Return the listing below verbatim. Pictures do not belong in the copy.

> _Data below_
^^^^^^^^

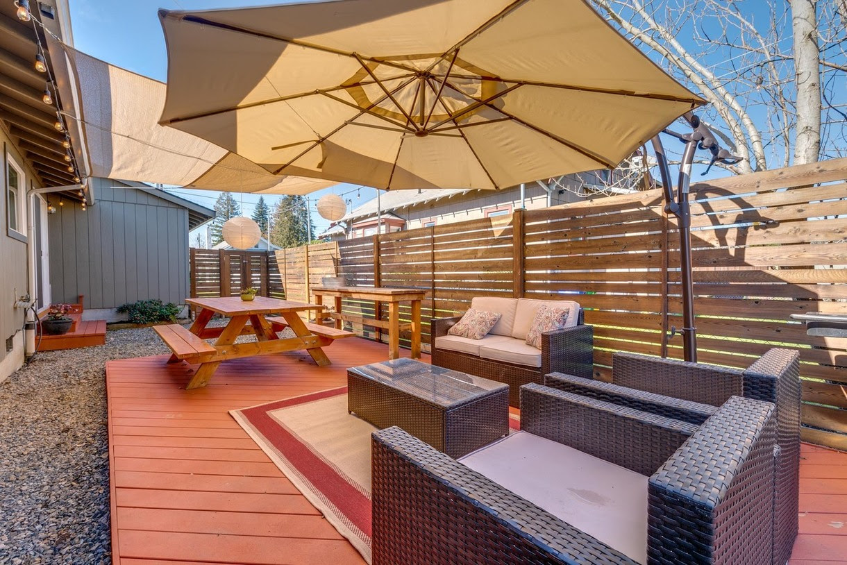 Meticulously updated home lives large. Do not be fooled by the square footage, this house optimizes space. The home has a well-designed kitchen with high end appliances. The main and master bathrooms are fully updated. With a new air conditioner and high efficiency furnace, this is a home of comfort to move in and start living. Rare for the neighborhood, 2-car garage has ample space for cars, bikes, all your sports gear and still room for storage. Relax in the private front patio space or get your garden on in the raised beds, with a potting shed, on the side of the house. Continue around to the fire pit with permanent benches. Finally, get ready to entertain on the large deck off of the kitchen. A great house in a great location. Don’t pass it up!
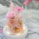 **材料说明:约80%永生花。20%干燥花。混合设计,玻璃罩为白底夜灯款**
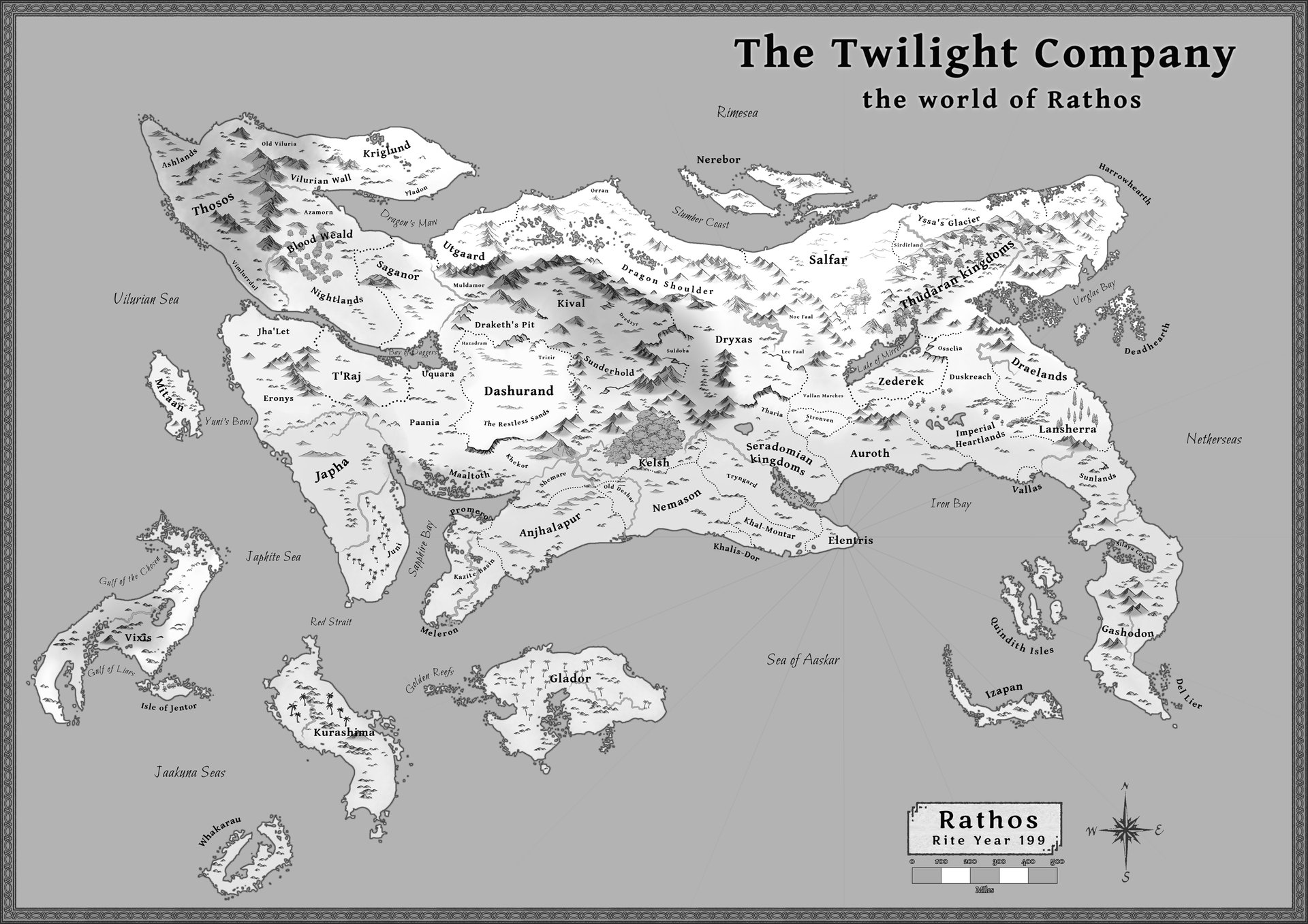 Along the way he befriends dwarves, elves, demonkin, (and maybe the goblin) to form the Twilight Company, a group committed to saving Rathos—as long as the contract pays well.

^^^^^^^^

> _Written reply_
 Meticulously updated home lives large. Do not be fooled by the square footage, this house optimizes space. The home has a well-designed kitchen with high end appliances. The main and master bathrooms are fully updated. With a new air conditioner and high efficiency furnace, this is a home of comfort to move in and start living. Rare for the neighborhood, 2-car garage has ample space for cars, bikes, all your sports gear and still room for storage. Relax in the private front patio space or get your garden on in the raised beds, with a potting shed, on the side of the house. Continue around to the fire pit with permanent benches. Finally, get ready to entertain on the large deck off of the kitchen. A great house in a great location. Don’t pass it up!
 **材料说明:约80%永生花。20%干燥花。混合设计,玻璃罩为白底夜灯款**
 Along the way he befriends dwarves, elves, demonkin, (and maybe the goblin) to form the Twilight Company, a group committed to saving Rathos—as long as the contract pays well.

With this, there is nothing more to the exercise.